9 The Dynamic Labor Supply Model

For this example, let’s remind ourselves how labor supply looks in this model without heterogeneity and with quasilinear preferences (\(\sigma=0\)):

\[ \log(H_{n,t}) = \psi\log(\alpha) + \psi\log(W_{n,t}) \]

Clearly, we need more assumptions to brings this model to data, since it predicts that the relationship between log hours and log wages is a perfectly straight line.

Consider now the following extension of the model. Let preferences be heterogeneous and decomposed as:

\[ \psi\log(\alpha_{n}) = \mu_{\alpha} + \varepsilon_{n},\ \mathbb{E}[\varepsilon] = 0 \]
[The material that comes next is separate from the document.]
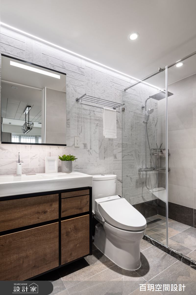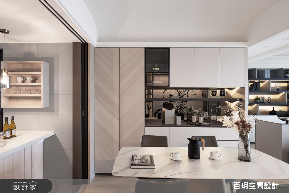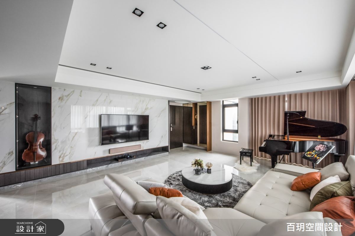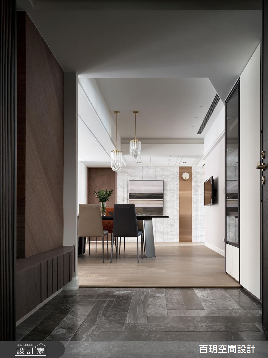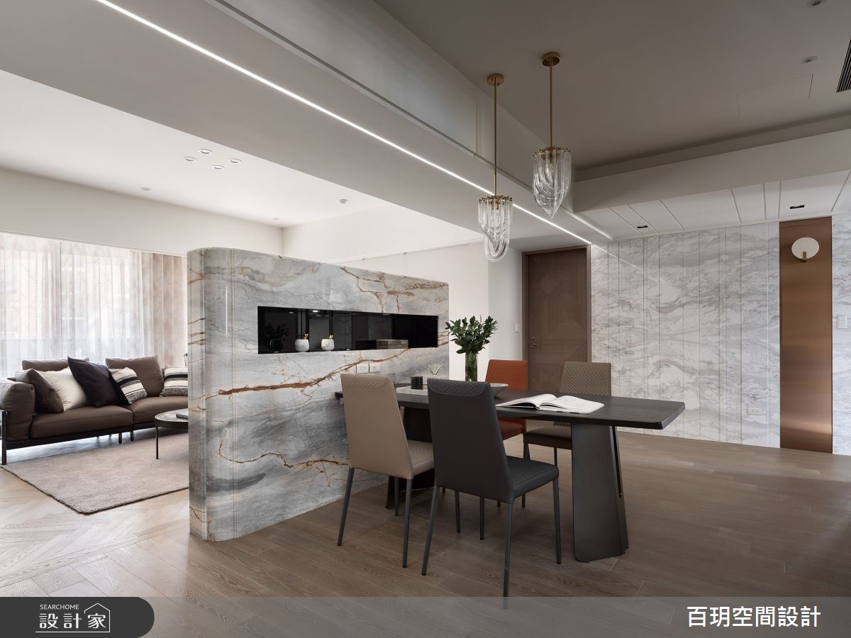 由百玥空間設計精心規劃的65坪三房住宅空間,家庭成員一共有2位大人、1位小孩。因應屋主需求,設計師運用現代風作為主軸,搭配乳膠漆、海島型木地板、鐵件、鍍鈦金屬、木作貼皮、鋼刷木皮、大理石、磁磚、皮革、石材、繃布、噴漆,打造全家人的夢想家居。

and assume that hours are observed with additive measurement error (\(\xi_{n,t}\)), such that:

\[ \log(H_{n,t}) = \mu_{\alpha} + \psi\log(W_{n,t}) + \varepsilon_{n} + \xi_{n,t}.\]

For wages, likewise assume that:

\[\log(W_{n,t}) = \gamma_{0} + Z_{n,t}\gamma_{1} + \zeta_{n} + \upsilon_{n,t} \]

where \(\zeta_{n}\) reflects an unobserved permanent component of \(n\)’s productivity and \(\nu_{n,t}\) is a time-varying shock. \(Z_{n,t}\) is a variable that we think ought to shift labor demand in ways that are essentially random with respect to individual-level unobservables.

Note

When you extend a model in this way (to account for randomness in outcomes), you should keep two things in mind:

What is my theory for why this residual exists? As in: what is the structural error term in my model?
What other components could explain part of this residual that are not in my model?

Accordingly when you think about identification, you have two important tasks (in order of importance):

Craft an argument and approach to identification that is consistent with the assumptions of your model. Your model may already pose important enodgenity problems to solve.
Craft an argument and approach to identification that is plausible and robust to potential mechanisms (members of the residual) that are not in your model.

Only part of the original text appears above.